Тем не менее, внедрение английского языка в широкие арабские массы шло с трудом. Любопытно, что русский тогда служил одним из языков межнационального тюремного общения. Во-первых, за решеткой в ходу были арабские и русские ругательства. Во-вторых, многие арестанты имели то или иное отношение к почившей в бозе Российской империи. На русском в иерусалимской тюрьме не только ругались, но и вели философские дискуссии и даже острили. Ванька Семятис, грек из числа бывших белогвардейцев, наблюдая за прогулкой арестантов-смертников, облаченных в красные одежды, сострил: «Красная армия на марше». Сам Ахимеир постоянно сверяет свой тюремный опыт со сценами из русской литературы. В довершение всего само здание тюрьмы было «русским» – до прихода британцев оно служило гостиницей для паломниц из России.
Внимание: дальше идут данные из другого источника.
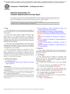 ASTM D2026/D2026M-15(2021)e1 is a technical specification published by ASTM International. Its full title is "Standard Specification for Cutback Asphalt (Slow-Curing Type)". This standard covers: SCOPE 1.1 This specification covers cutback petroleum asphalts of the slow-curing type for use in the construction and treatment of pavements. 1.2 Units—The values stated in either SI units or inch-pound units are to be regarded separately as standard. The values stated in each system may not be exact equivalents; therefore, each system shall be used independently of the other. Combining values from the two systems may result in nonconformance with the standard. 1.3 The text of this standard references notes and footnotes which provide explanatory material. These notes and footnotes (excluding those in tables and figures) shall not be considered as requirements of the standard. 1.4 This international standard was developed in accordance with internationally recognized principles on standardization established in the Decision on Principles for the Development of International Standards, Guides and Recommendations issued by the World Trade Organization Technical Barriers to Trade (TBT) Committee.

Основной контингент еврейских заключенных составляли нелегальные репатрианты — евреи, приехавшие в подмандатную Палестину без разрешения английских властей. Ахимеир пишет, что встречал нелегальных репатриантов из самых разных еврейских общин,— как-то в тюрьму поступили даже трое фалашей. Самая большая головная боль для властей – нелегальные «олим» с просторов бывшей Российской империи: из-за противоречий между Великобританией и новым государством — Советской Россией — после отсидки их невозможно было депортировать обратно.

Многие еврейские воры тоже представлялись сокамерникам нелегальными репатриантами — в еврейской среде преступников не уважали. Кстати, среди арабов мелкие воришки также не котировались, поэтому арабские воры, отвечая на вопрос «За что сидишь?» обычно отвечали: «Туша» («драка»).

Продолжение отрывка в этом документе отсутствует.